Jika ya, maka MK memiliki wewenang untuk mengujinya. Ini menjadi salah satu bukti bahwa MK memiliki posisi strategis dalam memastikan bahwa peraturan hukum, baik nasional maupun internasional yang diadopsi, tetap sejalan dengan konstitusi.
MK juga menegakkan prinsip independensi dan imparsialitas dalam setiap proses persidangan. Prinsip-prinsip ini menjadi landasan moral dan hukum agar putusan yang dihasilkan benar-benar mencerminkan keadilan dan kebebasan dari intervensi kekuasaan lain. Dimensi independensi ini mencakup aspek fungsional, struktural, dan personal.
Untuk menjaga prinsip tersebut, Mahkamah Konstitusi telah mengeluarkan Peraturan Mahkamah Konstitusi Nomor 09/PMK/2006 tentang Pemberlakuan Deklarasi Kode Etik dan Perilaku Hakim Konstitusi. Peraturan ini menjadi panduan etik dalam menjaga martabat dan integritas hakim konstitusi, serta memperkuat batasan yang tegas dalam menjalankan tugas peradilan secara profesional dan independen.
Mahkamah Konstitusi bukan sekadar lembaga hukum biasa, melainkan institusi vital yang menjaga marwah konstitusi, memastikan praktik demokrasi berjalan dalam rel yang benar, dan melindungi setiap hak dasar warga negara. Dengan kewenangan yang besar dan fungsi yang strategis, MK harus terus bertransformasi menjadi lembaga yang kredibel, independen, dan responsif terhadap dinamika ketatanegaraan.

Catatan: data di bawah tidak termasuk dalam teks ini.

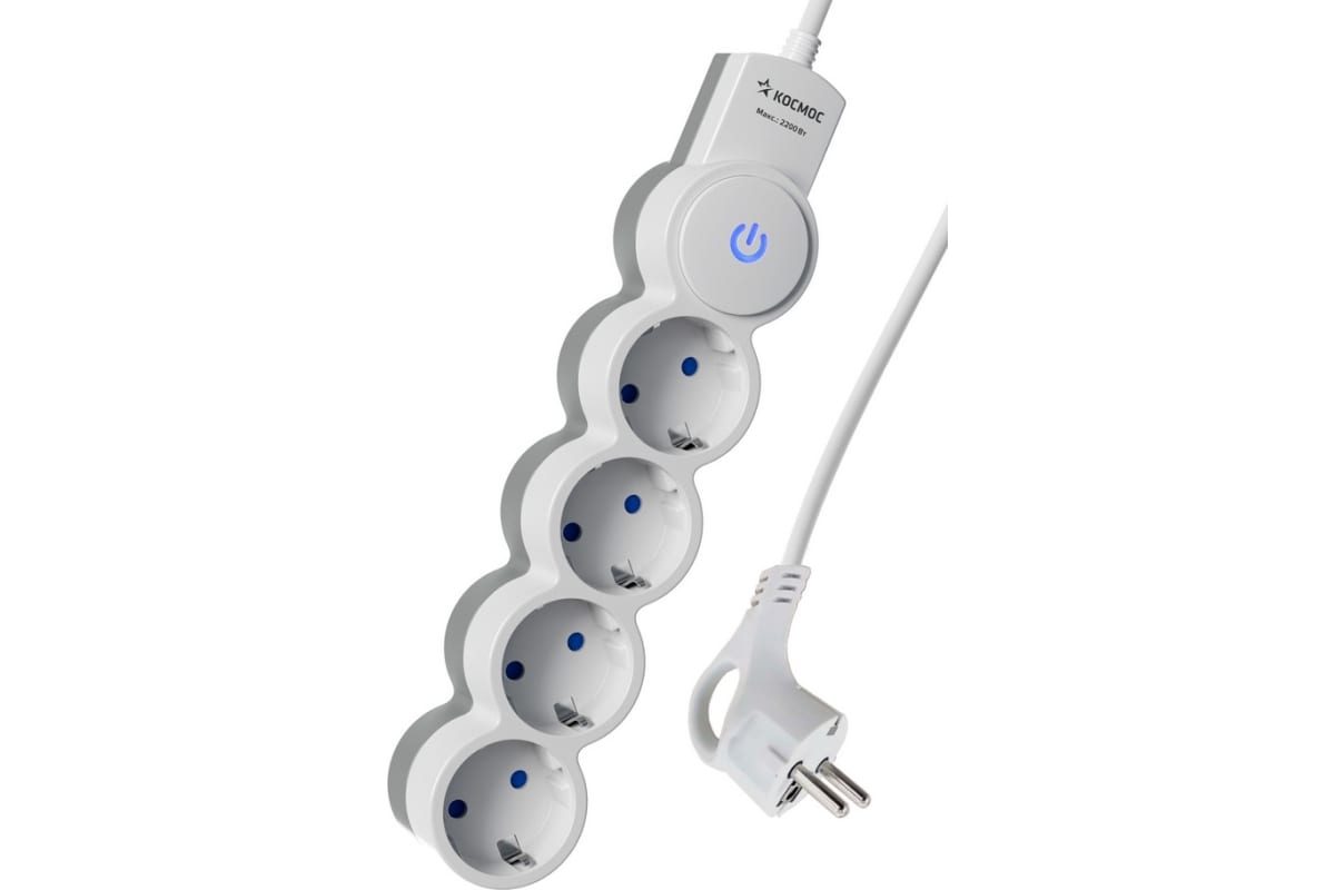 Удлинитель Космос, 4-розетки, 3 м, белый (YKsm3m-4g-Z-V10A-W)

Peran Mahkamah Konstitusi akan semakin krusial di masa depan, ketika tantangan terhadap supremasi hukum, hak asasi manusia, dan prinsip demokrasi semakin kompleks. Oleh karena itu, komitmen terhadap penegakan konstitusi secara konsisten dan bertanggung jawab harus menjadi landasan utama dalam setiap langkah dan keputusan MK.